The Swiss Bankers Association (SBVg) has responded cautiously to the lessons learned from the Credit Suisse crisis, staying true to its previous stance that a thorough analysis is necessary before any potential regulatory changes are made. The analysis and self-assessment by the Swiss Financial Market Supervisory Authority (FINMA) regarding the downfall of Credit Suisse has not exactly been met with enthusiasm by the SBVg.

In a somewhat frosty statement, the SBVg acknowledges the analysis, lessons, and areas for action mentioned by FINMA. However, the association expresses concern that there may now be excessive regulation that goes beyond what was initially proposed. The SBVg urges a focus on the specific areas that led to problems in the case of Credit Suisse, with proposed measures addressing concrete issues related to relevant business models and risks responsible for the bank’s decline and resulting systemic risk.

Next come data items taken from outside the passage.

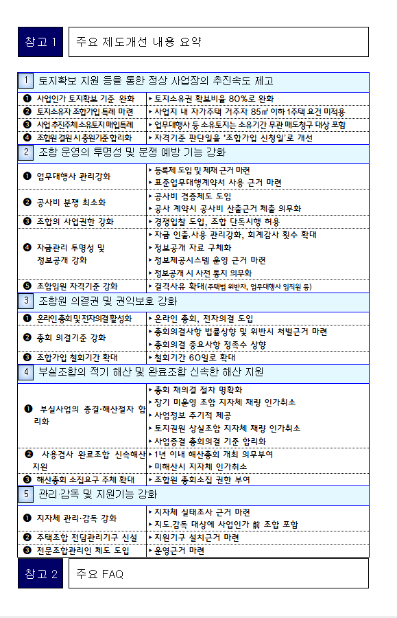- 특히, 시공사와의 공정한 계약관계가 이루어지도록 경쟁입찰을 의무화하고 시공사와 공동시행이 아닌 조합 단독으로도 사업을 시행할 수 있도록 할 계획이다.
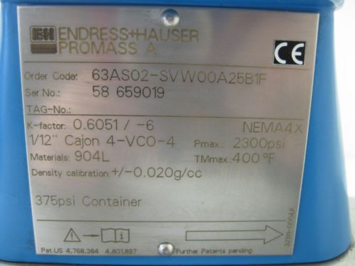 1/12" Cajon Endress+Hauser 63AS02-SVW00A25B1A Promass 63 A Flowmeter D5 (1013)
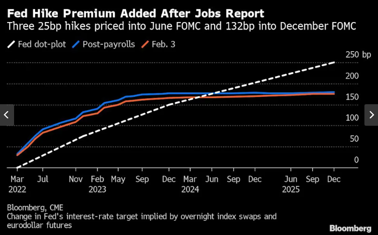 FX168财经报社(北美)讯 周五(2月4日),交易员们加大了对美联储将以20年来最大幅度加息的押注,此前一份出人意料的强劲就业报告强化了人们对经济存在过热风险的猜测。
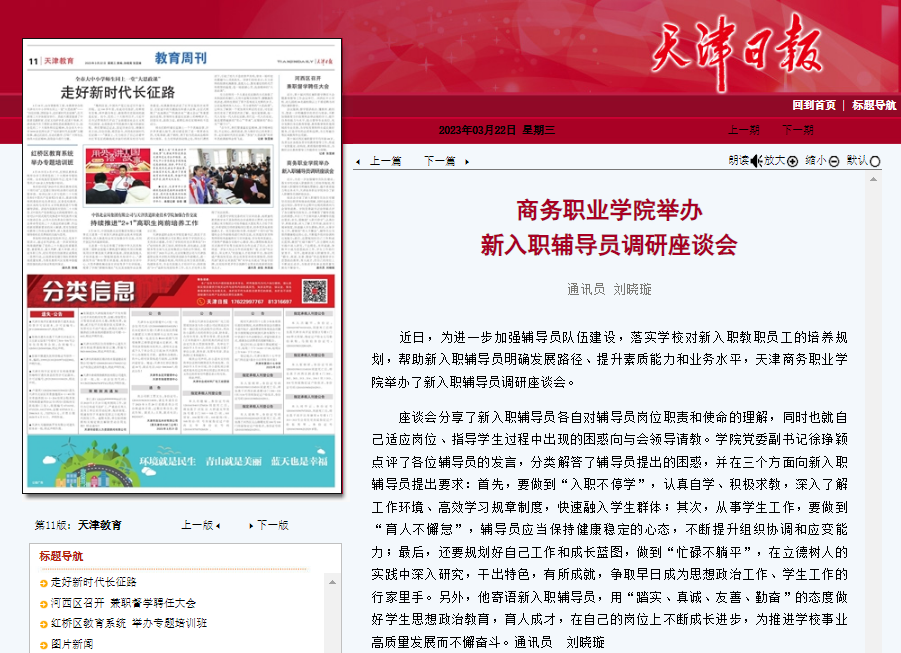 媒體關注 | 《天津日報》報道我校舉辦新入職輔導員調研座談會
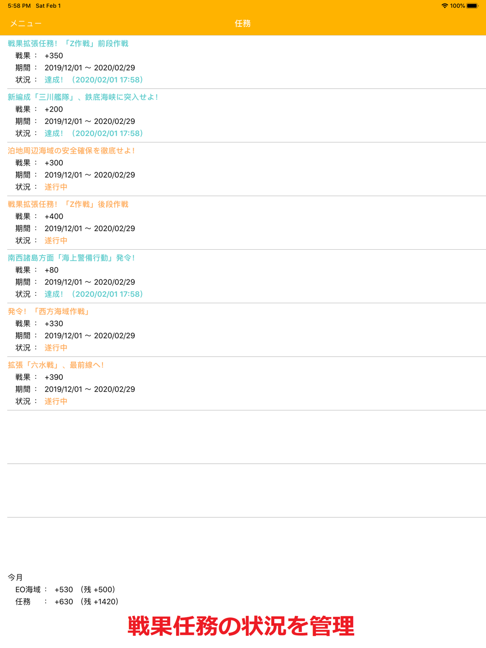 ・戦果任務のクリア状況や獲得できる戦果が分かります。
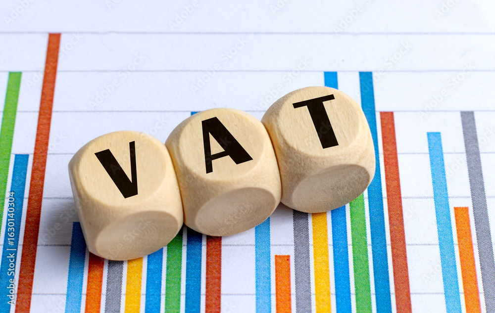 VAT acronym on wooden blocks with colorful bar chart in the background
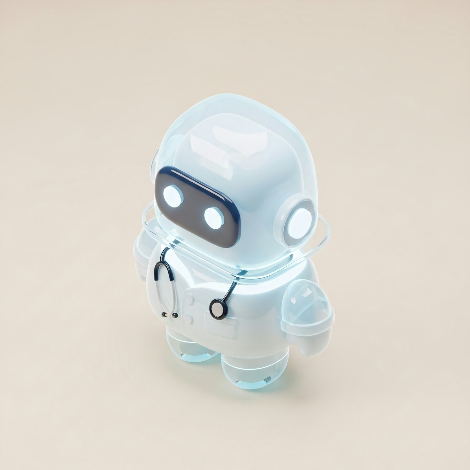 A 3D-rendered medical robot with a stethoscope, glowing eyes, and a sleek, futuristic design in soft blue and white tones.

The SBVg is open to dialogue regarding a senior management regime and the incorporation of compensation principles into legislation, as long as proportionality is maintained. However, when it comes to expanding FINMA’s sanctioning powers, the skepticism of the banking association is evident. The problem-oriented approach to FINMA’s competence in imposing fines will need further analysis.

The SBVg also emphasizes the need to include the Swiss National Bank’s (SNB) instruments in the analysis. Ensuring sufficient liquidity and efficient liquidity provision in a world where disruptions can lead to much faster liquidity flows is essential for the financial center and Switzerland as a whole.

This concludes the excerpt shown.